SUPPLIED INFORMATION Start Marker

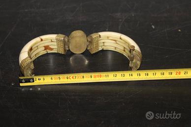 Il design robusto e armonioso mette in risalto la bellezza delle venature naturali dell’osso e la lucentezza della pietra centrale, incorniciata da dettagli in ottone con motivi incisi. La chiusura a cerniera ne facilita l’indosso, rendendolo comodo e sicuro.
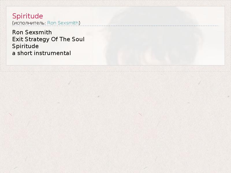 Это интересно:Рональд Секссмит (родился 8 января 1964 г.) является канадским певцом из Онтарио, в настоящее время базируется в Торонто . Он начал свою собственную карьеру, когда ему было четырнадцать лет, и выпустили первые записи собственного материала семь лет спустя, в 1985 году. Некоторые из тех исполнителей, которые вдохновили Секссмита, Пол Маккартни , Элвис Костелло , Рэй Дэвис и Джон Хайатт , в настоящее... продолжение
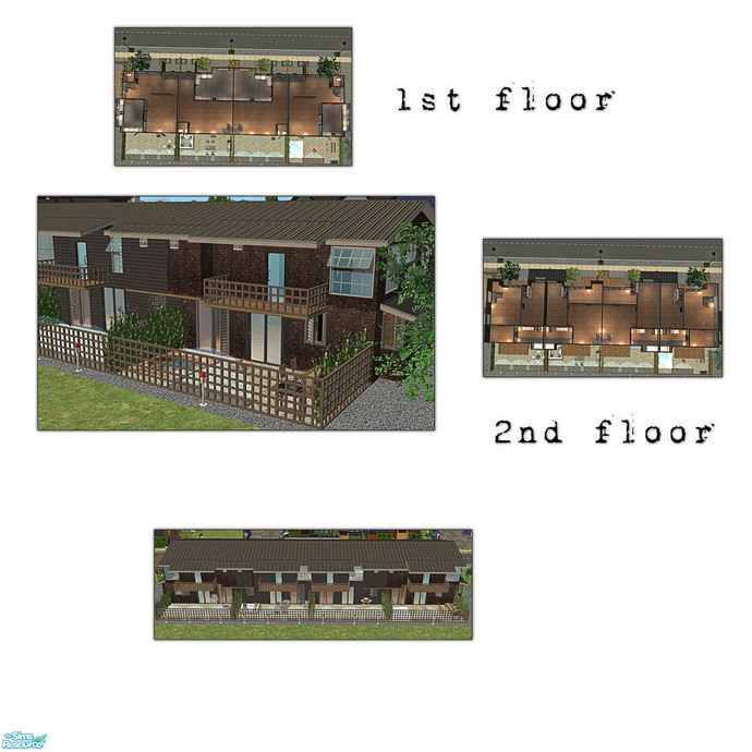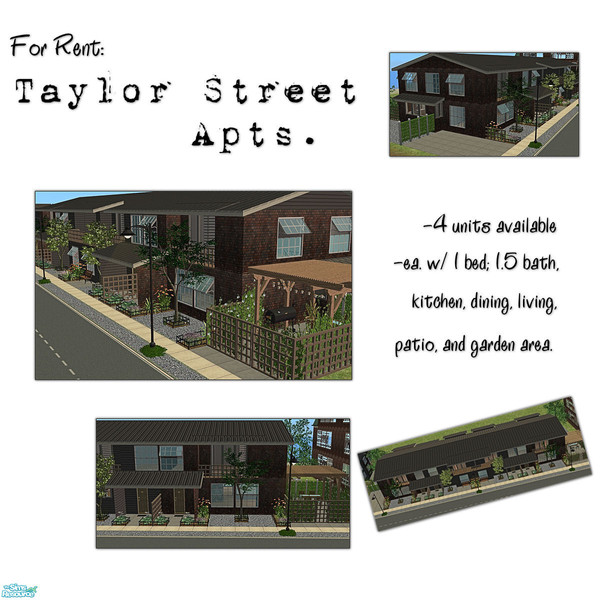 4 cozy yet spacious apartments for your city dwelling sims. Each unit features living and dining area; kitchen; 1 bed; 1.5 bath; open area for office etc.; balcony; patio with garden area. Also features 1 parking space and common area with grill, stereo and seating.

SUPPLIED INFORMATION End Marker

### ASSIGNMENT
An exact copy of the whole listing is required, minus the pictures.

### WRITTEN REPLY
 Il design robusto e armonioso mette in risalto la bellezza delle venature naturali dell’osso e la lucentezza della pietra centrale, incorniciata da dettagli in ottone con motivi incisi. La chiusura a cerniera ne facilita l’indosso, rendendolo comodo e sicuro.
 Это интересно:Рональд Секссмит (родился 8 января 1964 г.) является канадским певцом из Онтарио, в настоящее время базируется в Торонто . Он начал свою собственную карьеру, когда ему было четырнадцать лет, и выпустили первые записи собственного материала семь лет спустя, в 1985 году. Некоторые из тех исполнителей, которые вдохновили Секссмита, Пол Маккартни , Элвис Костелло , Рэй Дэвис и Джон Хайатт , в настоящее... продолжение
 4 cozy yet spacious apartments for your city dwelling sims. Each unit features living and dining area; kitchen; 1 bed; 1.5 bath; open area for office etc.; balcony; patio with garden area. Also features 1 parking space and common area with grill, stereo and seating.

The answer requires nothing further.